Thursday, August 27, 2009

Drag-and-Drop in C on Windows, the easy way

OK, yeasterday I published a post where I complained about the complexities of Drag-and-Drop in plain C on Windows, and how this was related to Object Orientation gone bad. Why do you need three or 4 objects, jsut to drag a string of text from one place to another?

Well, then, if you agree that this is outrageous, I have help for you now. I just published my plain C library that does just this. You simple Win32 C program need not worry about OLE or COM. About IDataObject or interfaces or any of that stuff. Just usse hardcore C, like all macho developers like myself do. You need my library though, and I admit I AM cheating a bit in it, but actually, it does the trick and it follows the rules, both from COM/OLE and Win32 points of views.

Now, to drag and receive a text string, you need my library and you need to call 4 plain C functions or so, nuthin' else: Init the library, register as a target for a drop, start dragging and cleanup as a target for a drop. Then you need to handle the drop itself of course, but this is easy enough.

So the help is now available on Sourceforge and there is the source for the library, a Visual Studio project for this, complete with a sample, and a full PDF document describing the whole thing.

So, happy hacking, and don't drag your feet!
/Karlsson

1 comment:

anton.maurovic.com said...

Hi Anders, thanks for the library. It's quite convenient, and easily to follow to see what's happening under the hood.

Just one thing: I've found a bug when using the library in UNICODE mode.

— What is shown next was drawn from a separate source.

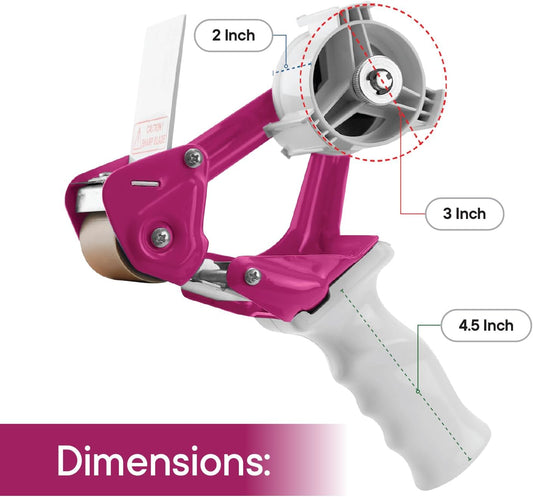 Heavy Duty Metal Frame Tape Gun - 3" Core with Special Ergonomic Handle - Packing Tape Dispenser with Premium Tempered Steel Blade for 2" Tape Rolls

The function CreateMyDropSourceText uses _tcslen to get the string length for GlobalAlloc. _tcslen returns the number of characters in the string, not the number of bytes. Consequently, in UNICODE mode, the GlobalAlloc call will allocate a buffer that is too small and lead to buffer overrun.

Also, CreateMyDropSourceText only uses CF_TEXT format; it doesn't have an option for CF_UNICODETEXT.

Because of these two factors, I suggest changing the function's "pText" argument from "LPCTSTR" to "LPCSTR". This will direct the caller to always use ANSI (8-bit) strings with CreateMyDropSourceText. Then, use strlen instead of _tcslen, and strcpy instead of _tcscpy.